Another project added
March 13th, 2010Yippee, we got the site running again, so I can tell you about what we scored on Freecycle last week!
A dining room table. Finally! We’ve been living with the same wobbly IKEA breakfast table (barely seats four, uncomfortably) for nearly seven years now. (Or eight? How long have I been married, again?) We’ve wanted a real dining table for so long that Josh was totally positive when I told him how we were going to spend our Thursday evening. Not one mutter about “dumpster diving”.
This is an awesome find. It’s vaguely shaker-ish, sort of similar to the tapered-leg look of what I had been going to build. I haven’t seen it completely assembled yet, so I don’t know if I might want to reshape the legs just a bit or if they’re ok as-is.
It’s kind of an oval with straight, cut-off ends. By itself it will easily sit four or a cozy six. But get this: it came with THREE extra panels! With them all in place, we could seat twelve. Heck, I’ve always wanted to throw big dinner parties!
I’ve definitely got my work cut out for me. The top is very damaged, not just from bonks and cuts and markers and nail polish, but from sun damage to the areas where the finish had worn off long ago. So even after I sanded the remaining finish off, it still looks uneven and splotchy because of sun-bleaching. (I hadn’t yet started working on it in the picture below).
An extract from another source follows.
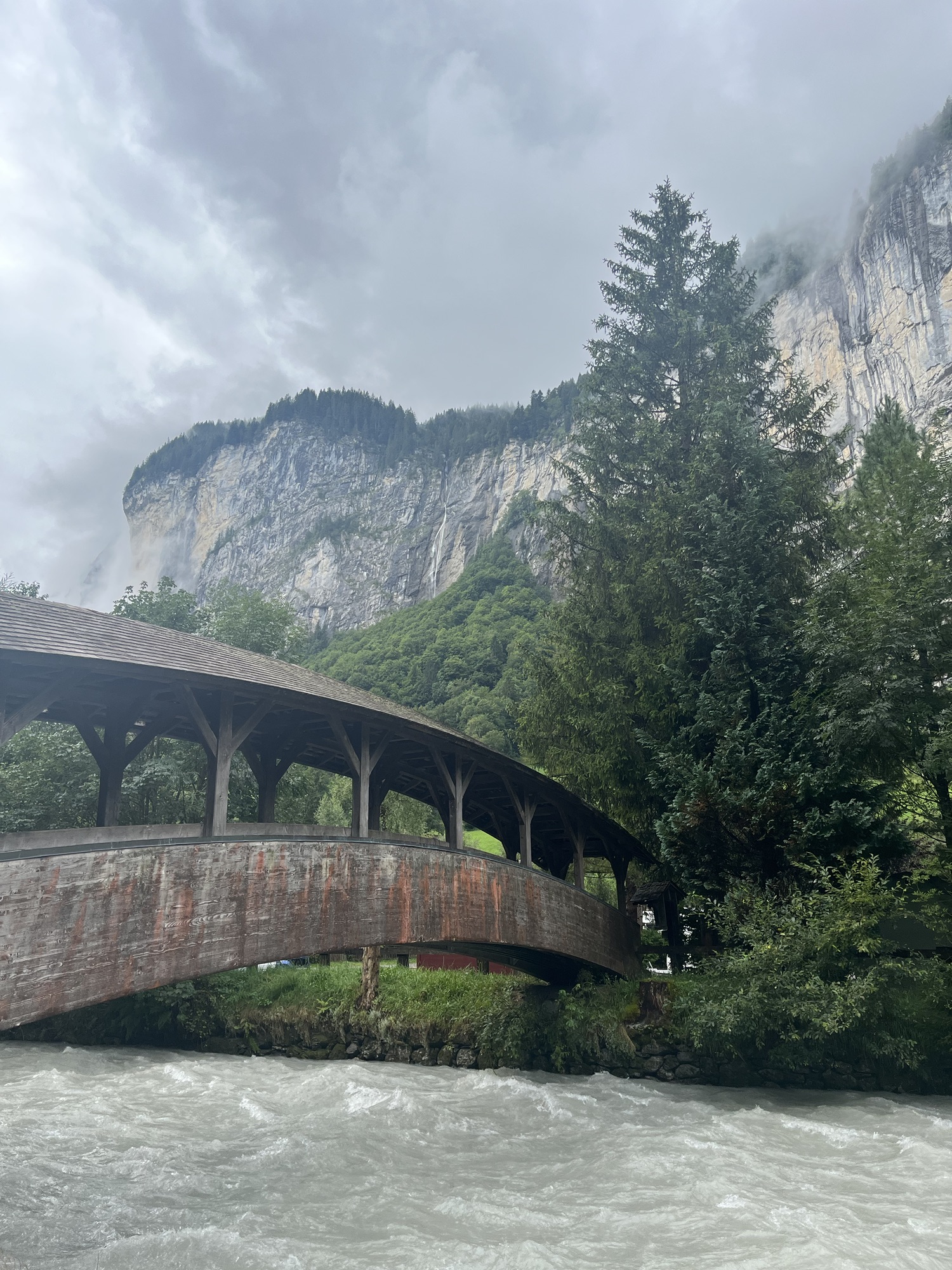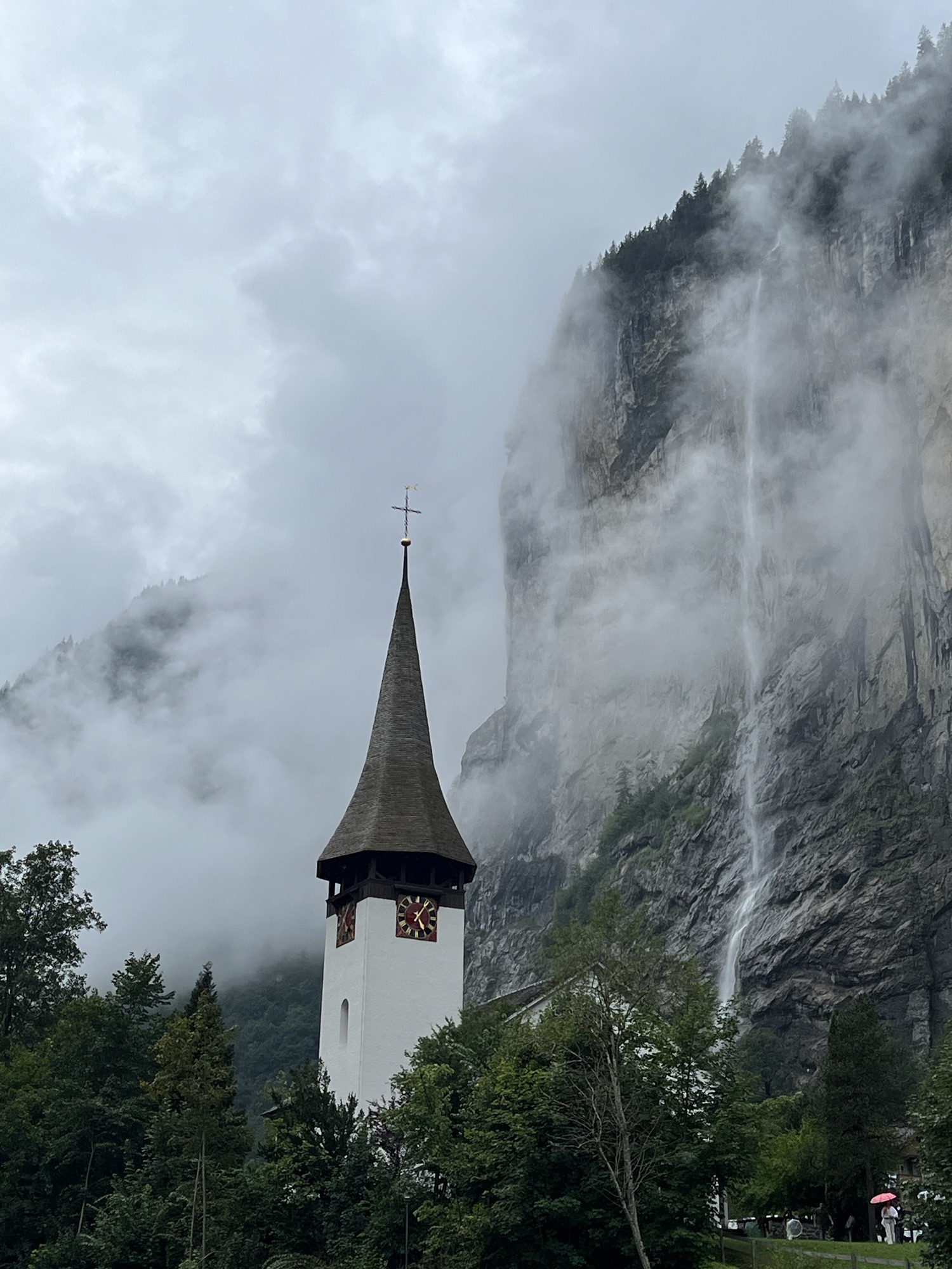 For a rainy day hike, the Lauterbrunnen to Trummelbach Falls trail is a great option. This easy, flat trail starts near Lauterbrunnen Church and passes the stunning Staubbach Falls.

I’ve been sanding the finish off because I can’t use refinisher in the basement (enclosed space, fumes, plus our central air is in the basement so I’d be poisoning my child upstairs) but the table is SO heavy that we can’t easily move it up and down the stairs. But I’ve begun to fear that it’s actually a veneer, and I don’t want to sand right through it, so I may not have a choice but to lug it up to the garage. But I don’t know how to tell for sure if it’s a veneer or not – the table is so heavy that I was sure at first that it was solid wood. Heck, I don’t even know what kind of wood/veneer it is. The grain doesn’t look like oak to me, and it’s so heavy that my first thought was teak or mahogany. But I really have no idea.
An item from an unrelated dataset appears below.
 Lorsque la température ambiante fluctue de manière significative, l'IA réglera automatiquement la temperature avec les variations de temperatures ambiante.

I did carry up two of the three and apply refinisher to them in the garage tonight. Surprisingly, the wood was a similar red-brown after the shiny came off. A bunch of dark stain came off too, or at least the refinishing liquid got darker and darker, but the wood seems to have stayed about the same color no matter how often I refreshed and reapplied the refinisher. But I don’t know if the wood is dark because that’s how it is, or because I haven’t gotten the stain out of its pores yet. (…Does refinisher even get down into the wood pores? Or is it just for taking off the shiny stuff on top? I found a bottle of “wood bleach” in the basement…. would that get the dark out of the wood? Is that what it’s for?) Will I end up having to stain the whole table dark again to hide the whiter splotches on the ends? Or am I destined to own a dining room table that resembles a Jersey cow?
I’ve never done this kind of thing before. What an adventure. (Why are all my adventures so…. daunting?)
And oh, I should have mentioned – it didn’t come with any chairs, so I’ll have to build some. …and that’s the sound of yet another project getting in line. Whew!